---------- Excerpted data ----------

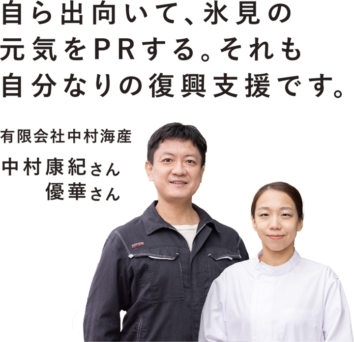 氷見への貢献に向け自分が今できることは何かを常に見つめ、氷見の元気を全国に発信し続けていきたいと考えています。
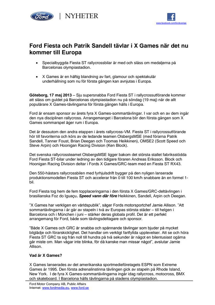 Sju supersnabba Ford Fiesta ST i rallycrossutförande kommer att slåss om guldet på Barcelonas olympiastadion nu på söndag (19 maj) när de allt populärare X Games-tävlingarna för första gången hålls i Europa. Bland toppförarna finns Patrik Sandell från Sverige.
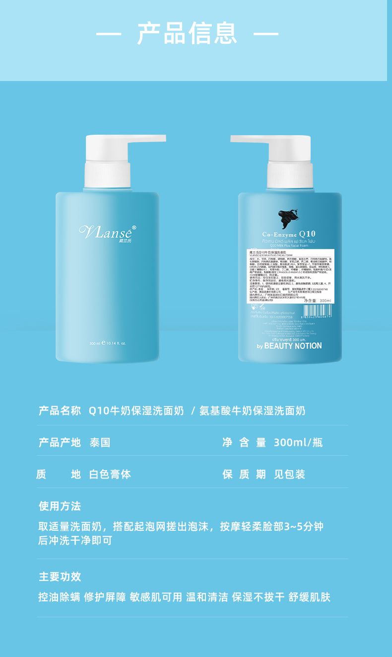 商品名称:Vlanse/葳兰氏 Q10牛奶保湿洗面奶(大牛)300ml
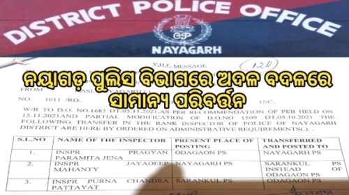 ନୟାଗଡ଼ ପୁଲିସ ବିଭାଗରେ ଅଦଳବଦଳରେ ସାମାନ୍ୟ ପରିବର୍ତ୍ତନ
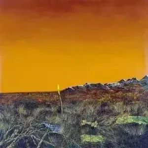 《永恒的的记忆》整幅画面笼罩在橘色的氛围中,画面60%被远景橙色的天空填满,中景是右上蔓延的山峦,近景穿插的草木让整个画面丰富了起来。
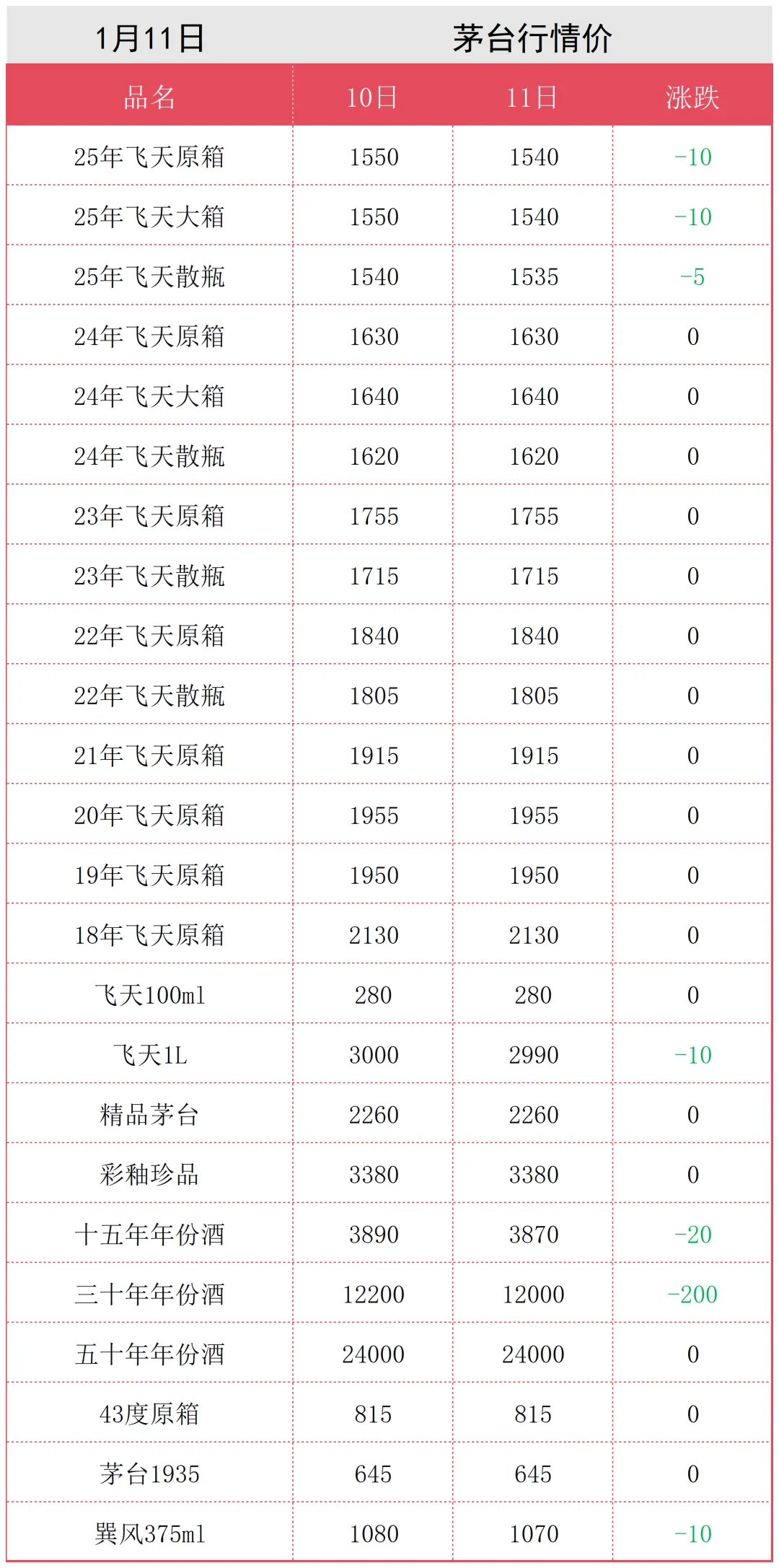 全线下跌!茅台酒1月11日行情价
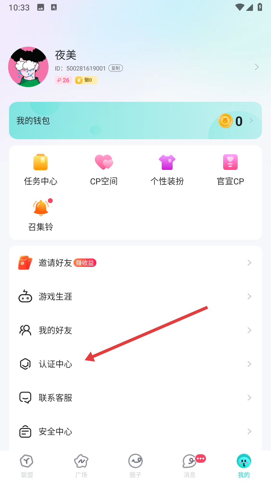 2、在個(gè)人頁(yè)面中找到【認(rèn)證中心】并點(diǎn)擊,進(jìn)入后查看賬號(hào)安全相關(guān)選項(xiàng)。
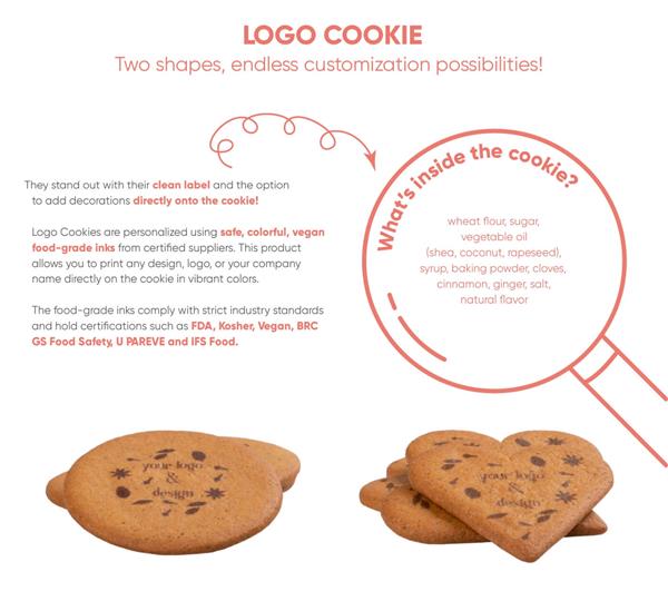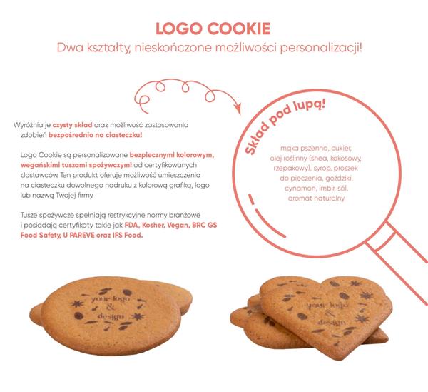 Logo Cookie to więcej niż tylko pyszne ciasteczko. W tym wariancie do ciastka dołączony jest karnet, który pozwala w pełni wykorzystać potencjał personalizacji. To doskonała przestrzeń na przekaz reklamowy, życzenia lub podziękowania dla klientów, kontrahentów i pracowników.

----------

Exercise requirements
Every entry above is to be repeated word for word, with all pictures omitted.

Written response
 氷見への貢献に向け自分が今できることは何かを常に見つめ、氷見の元気を全国に発信し続けていきたいと考えています。
 Sju supersnabba Ford Fiesta ST i rallycrossutförande kommer att slåss om guldet på Barcelonas olympiastadion nu på söndag (19 maj) när de allt populärare X Games-tävlingarna för första gången hålls i Europa. Bland toppförarna finns Patrik Sandell från Sverige.
 商品名称:Vlanse/葳兰氏 Q10牛奶保湿洗面奶(大牛)300ml
 ନୟାଗଡ଼ ପୁଲିସ ବିଭାଗରେ ଅଦଳବଦଳରେ ସାମାନ୍ୟ ପରିବର୍ତ୍ତନ
 《永恒的的记忆》整幅画面笼罩在橘色的氛围中,画面60%被远景橙色的天空填满,中景是右上蔓延的山峦,近景穿插的草木让整个画面丰富了起来。
 全线下跌!茅台酒1月11日行情价
 2、在個(gè)人頁(yè)面中找到【認(rèn)證中心】并點(diǎn)擊,進(jìn)入后查看賬號(hào)安全相關(guān)選項(xiàng)。
 Logo Cookie to więcej niż tylko pyszne ciasteczko. W tym wariancie do ciastka dołączony jest karnet, który pozwala w pełni wykorzystać potencjał personalizacji. To doskonała przestrzeń na przekaz reklamowy, życzenia lub podziękowania dla klientów, kontrahentów i pracowników.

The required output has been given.